§ ASSIGNED TASK:
The records below must be written out exactly, with every picture left behind.

§ INFORMATION PROVIDED:
━━━━━━━━━━

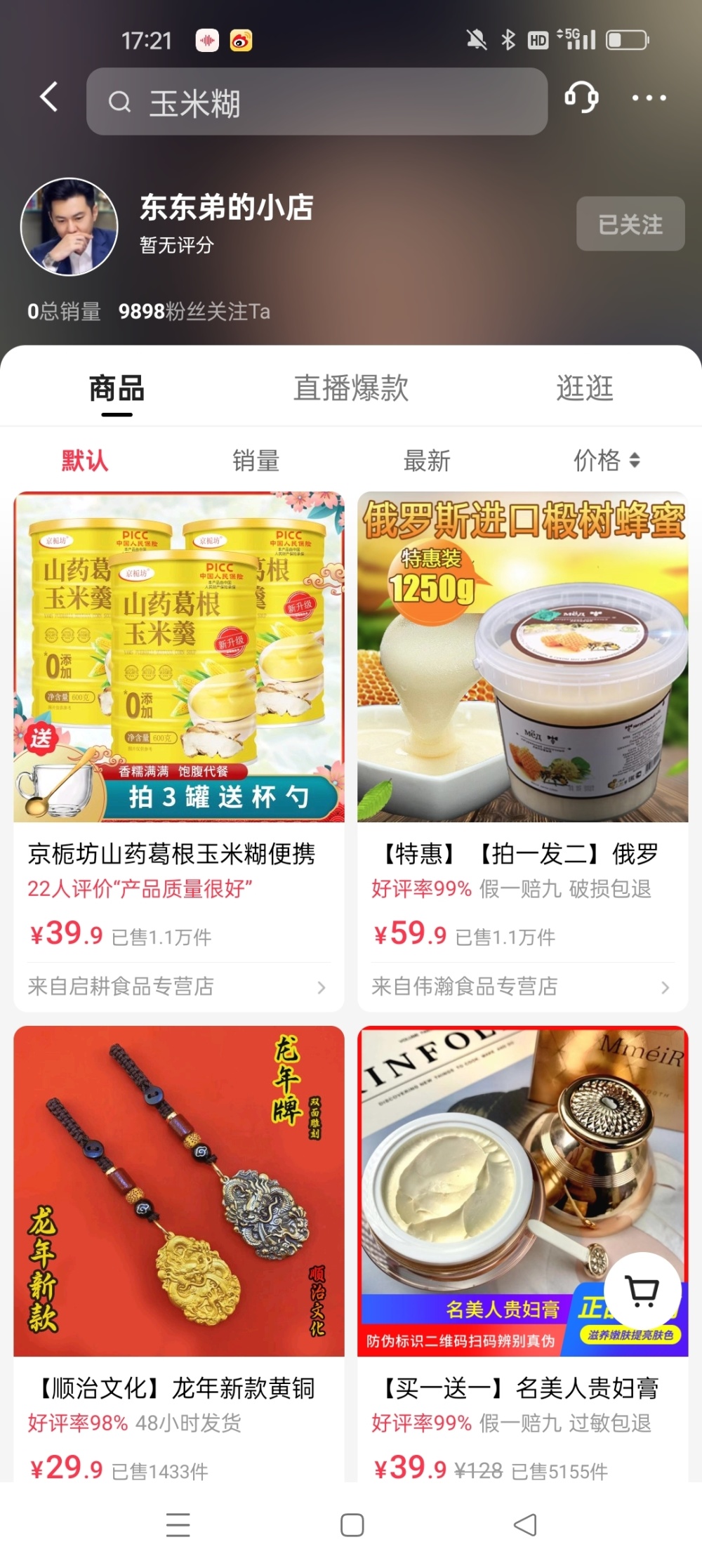 某短视频平台上,以“靳东”口吻发布视频的账号开了小店,里面有很多商品。网络截图
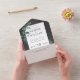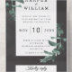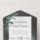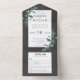 All in one tri- fold wedding invitation featuring Eucalyptus on a watercolor charcoal grey background. Wedding invitation, rsvp card and envelope combination.
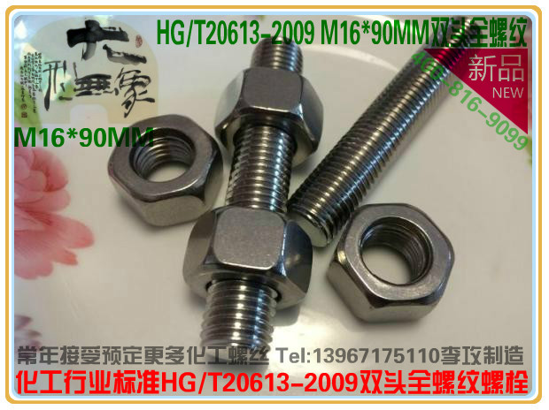 M16 * 90mm 316L stainless steel full thread double head screw chemical industry standard HG T20613-2009
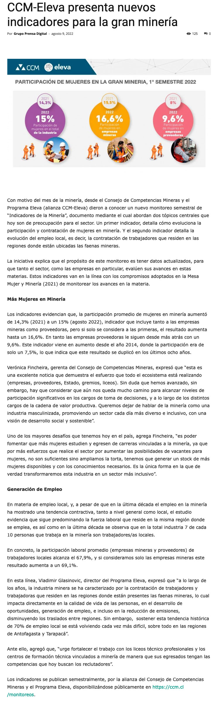 CCM- Eleva presenta nuevos indicadores para la gran minería - (tierramarillano.cl)
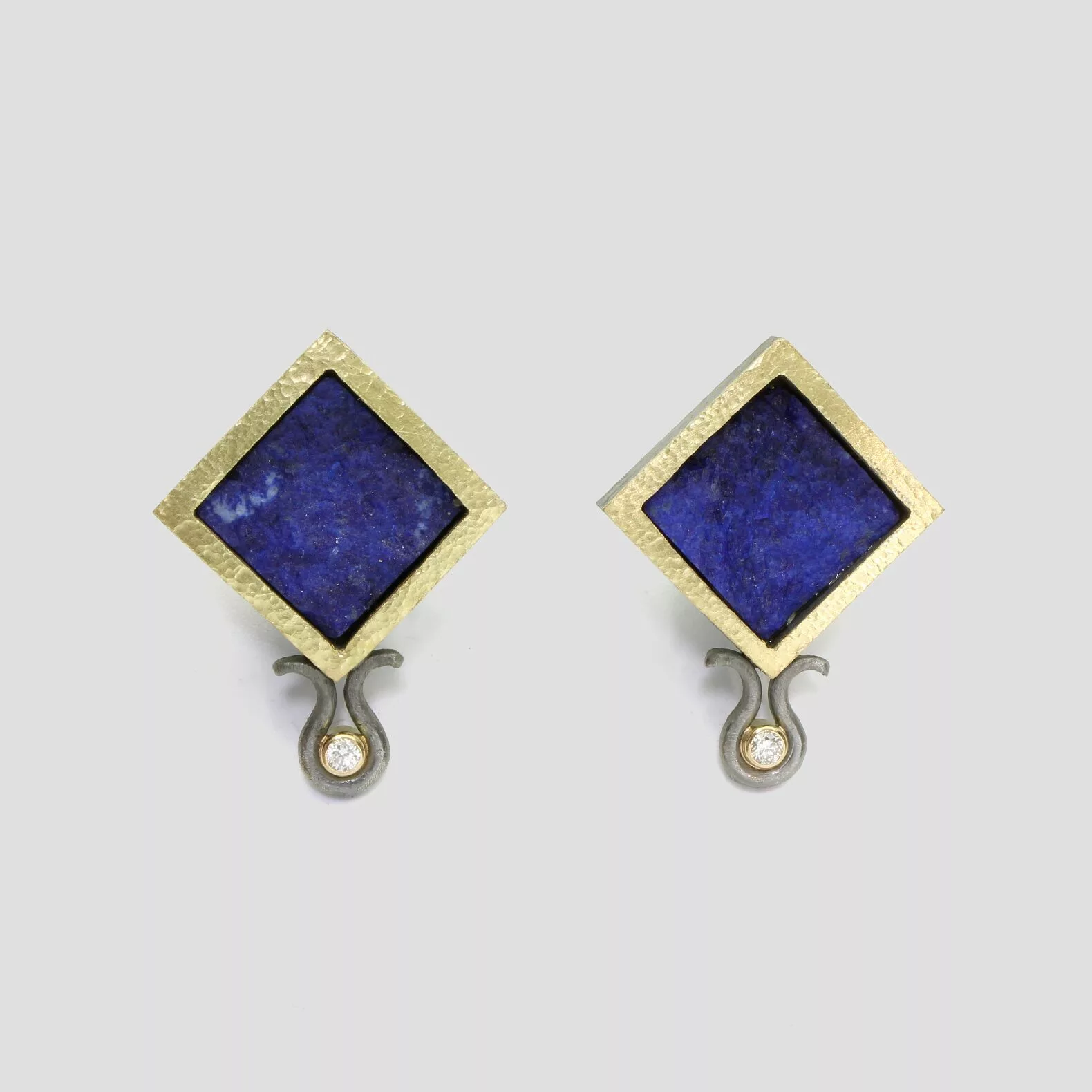 Dos magnífics lapislàtzulis en forma de rombe són els protagonistes d’aquestes arracades, emmarcades en plata, or de 18q i dos diamants naturals talla brillant, la singularitat de les peces úniques.
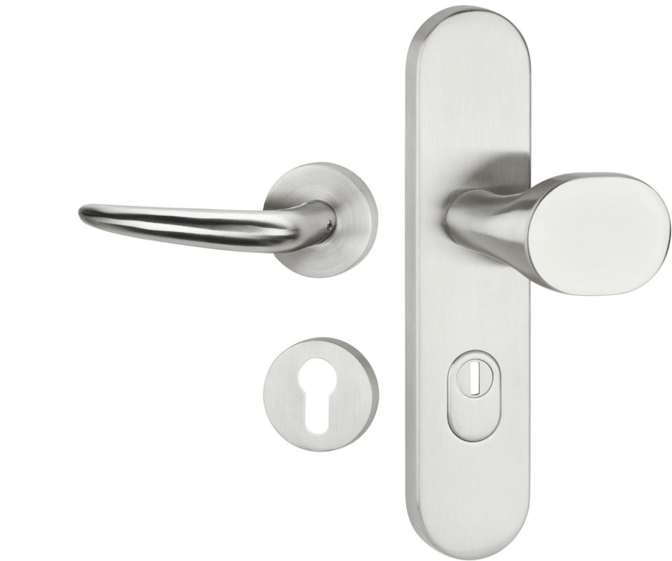 ZT-EN2-Kombi-Schutz-Wechselgarnitur 1806 BASIC 06, außen Langschild 2091 KS, Knopf 3128 gekröpft, innen Rosette 2336 SC, PZW 72 mm, Tst. 37 - 56 mm, mit Kernziehschutz für Zylinderüberstand 9 - 14 mm,
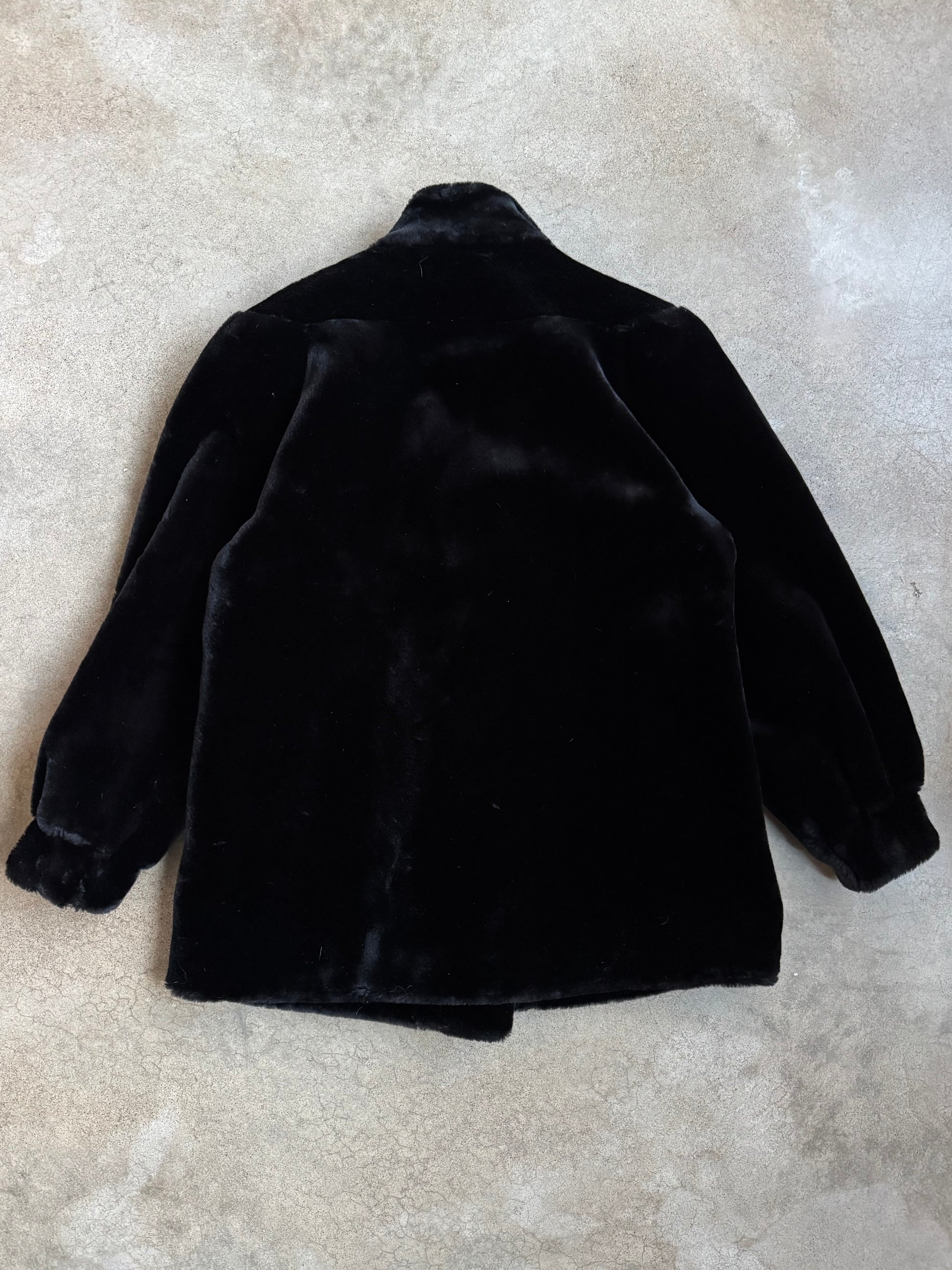 Vintage 1980s Donny Brook Black Faux Fur Short Coat | Small
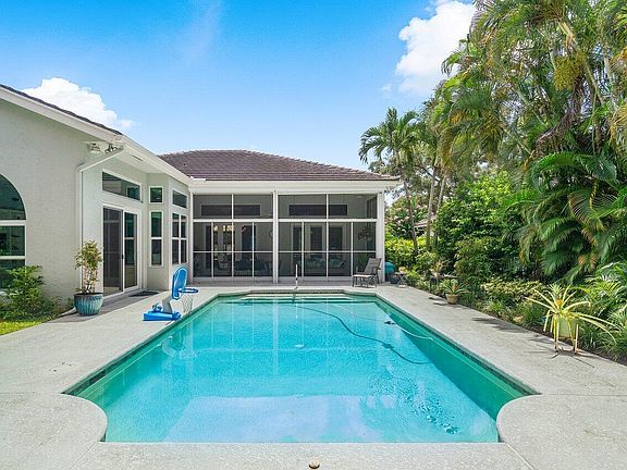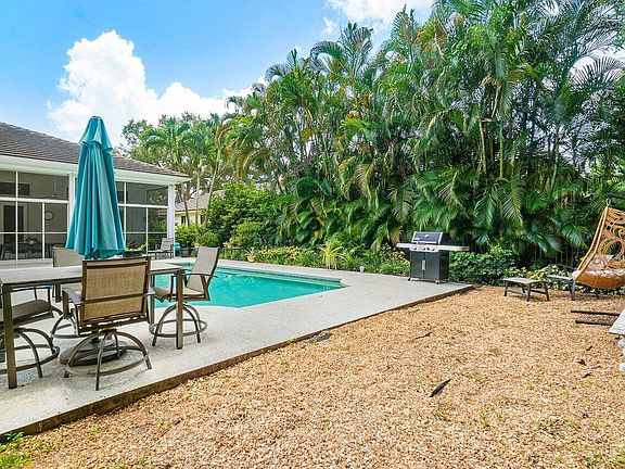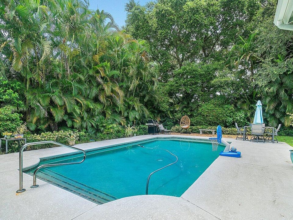 Newly renovated (bathrooms, paint, floors, laundry room, closets) hidden gem in the heart of Palm Beach Gardens. Rare property that has it all: Perfect location right off 95, walking distance to top-rated schools, restaurants, shops, playgrounds, soccer/basketball fields, and PBG Tennis & Pickleball Center; Single story 4/3 split floor-plan; Soaring ceilings; Loads of windows with lots of sunlight; Outdoor netted dining area w/ window straight to kitchen; plantation shutters; large chef's kitchen w/ Subzero refrigerator, double oven, gas stove & new Bosch dishwasher; Whole house water filtration system; Generator, Impact windows/doors. 4th BR has a built-in Murphy bed an. The oversized fenced-in backyard is your piece of paradise with lush landscape, a large saltwater pool, and lots of privacy. Happy place for your family!
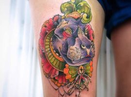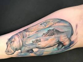 Татуювання з різними тваринами – найпопулярніша ідея. Найчастіше вибирають тигра і лева або ведмедя і вовка. Однак, багато хто не хоче повторюватися, а хочуть знайти більш оригінальну ідею. Дуже цікаве і нестандартне значення татуювання бегемот.
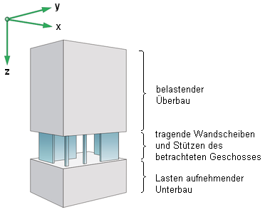 belastenden Überbau, die tragenden Wandscheiben und
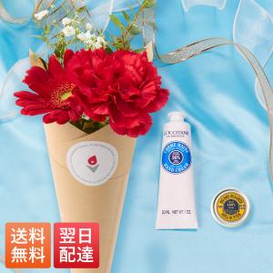 お花ギフト ブルーミー 公式 ロクシタン シアハンドクリーム と シアバター と お花3本 セット 誕生日 プレゼント プチギフト 女性 20代 30代 40代 50代 60代
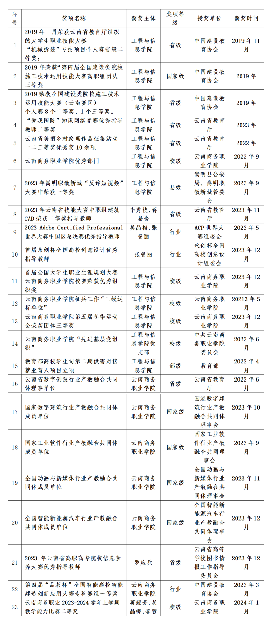 12.第四屆“品茗杯”全國智能高校智能建造創(chuàng)新應(yīng)用大賽??瀑惤M一等獎等。
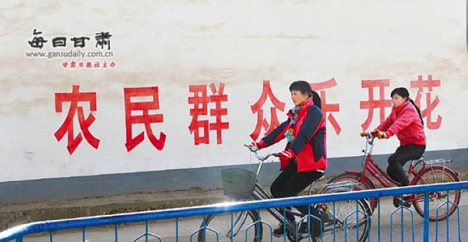 人們騎車從“農(nóng)民群眾樂開花”的標(biāo)語(yǔ)前走過(guò)。雙聯(lián)行動(dòng)為北順村農(nóng)民帶來(lái)了實(shí)惠,農(nóng)民群眾對(duì)這一富民行動(dòng)喜在眉梢,樂在心頭。
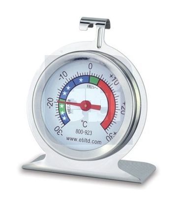 This stainless steel, Fridge or Freezer Thermometer has a 50mm dial with clearly marked scale and temperature zones, indicating temperature over a range of -30 to 30°C in 1°C divisions.
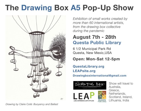 The Drawing Box A5 show is a touring exhibition of over 300 unframed works, curated by Diane Henshaw, artist and curator in Northern Ireland. The tour kicked off in Fermanagh, Northern Ireland in December 2020 and then as an online exhibition at the Galway Arts Centre. The works then began their international tour in 2021 to Paphos and Cyprus. Now the works arrive in Questa, New Mexico, the tour’s only stop in the United States and also the homeplace of participating artist and LEAP founder/director, Claire Coté. After this showing, the works continue their international exhibition journey by mail to Australia, Greece, Nètherlands, Scotland, Ireland and India.

━━━━━━━━━━

§ ANSWER TO THE PROBLEM:
 某短视频平台上,以“靳东”口吻发布视频的账号开了小店,里面有很多商品。网络截图
 All in one tri- fold wedding invitation featuring Eucalyptus on a watercolor charcoal grey background. Wedding invitation, rsvp card and envelope combination.
 M16 * 90mm 316L stainless steel full thread double head screw chemical industry standard HG T20613-2009
 CCM- Eleva presenta nuevos indicadores para la gran minería - (tierramarillano.cl)
 Dos magnífics lapislàtzulis en forma de rombe són els protagonistes d’aquestes arracades, emmarcades en plata, or de 18q i dos diamants naturals talla brillant, la singularitat de les peces úniques.
 ZT-EN2-Kombi-Schutz-Wechselgarnitur 1806 BASIC 06, außen Langschild 2091 KS, Knopf 3128 gekröpft, innen Rosette 2336 SC, PZW 72 mm, Tst. 37 - 56 mm, mit Kernziehschutz für Zylinderüberstand 9 - 14 mm,
 Vintage 1980s Donny Brook Black Faux Fur Short Coat | Small
 Newly renovated (bathrooms, paint, floors, laundry room, closets) hidden gem in the heart of Palm Beach Gardens. Rare property that has it all: Perfect location right off 95, walking distance to top-rated schools, restaurants, shops, playgrounds, soccer/basketball fields, and PBG Tennis & Pickleball Center; Single story 4/3 split floor-plan; Soaring ceilings; Loads of windows with lots of sunlight; Outdoor netted dining area w/ window straight to kitchen; plantation shutters; large chef's kitchen w/ Subzero refrigerator, double oven, gas stove & new Bosch dishwasher; Whole house water filtration system; Generator, Impact windows/doors. 4th BR has a built-in Murphy bed an. The oversized fenced-in backyard is your piece of paradise with lush landscape, a large saltwater pool, and lots of privacy. Happy place for your family!
 Татуювання з різними тваринами – найпопулярніша ідея. Найчастіше вибирають тигра і лева або ведмедя і вовка. Однак, багато хто не хоче повторюватися, а хочуть знайти більш оригінальну ідею. Дуже цікаве і нестандартне значення татуювання бегемот.
 belastenden Überbau, die tragenden Wandscheiben und
 お花ギフト ブルーミー 公式 ロクシタン シアハンドクリーム と シアバター と お花3本 セット 誕生日 プレゼント プチギフト 女性 20代 30代 40代 50代 60代
 12.第四屆“品茗杯”全國智能高校智能建造創(chuàng)新應(yīng)用大賽??瀑惤M一等獎等。
 人們騎車從“農(nóng)民群眾樂開花”的標(biāo)語(yǔ)前走過(guò)。雙聯(lián)行動(dòng)為北順村農(nóng)民帶來(lái)了實(shí)惠,農(nóng)民群眾對(duì)這一富民行動(dòng)喜在眉梢,樂在心頭。
 This stainless steel, Fridge or Freezer Thermometer has a 50mm dial with clearly marked scale and temperature zones, indicating temperature over a range of -30 to 30°C in 1°C divisions.
 The Drawing Box A5 show is a touring exhibition of over 300 unframed works, curated by Diane Henshaw, artist and curator in Northern Ireland. The tour kicked off in Fermanagh, Northern Ireland in December 2020 and then as an online exhibition at the Galway Arts Centre. The works then began their international tour in 2021 to Paphos and Cyprus. Now the works arrive in Questa, New Mexico, the tour’s only stop in the United States and also the homeplace of participating artist and LEAP founder/director, Claire Coté. After this showing, the works continue their international exhibition journey by mail to Australia, Greece, Nètherlands, Scotland, Ireland and India.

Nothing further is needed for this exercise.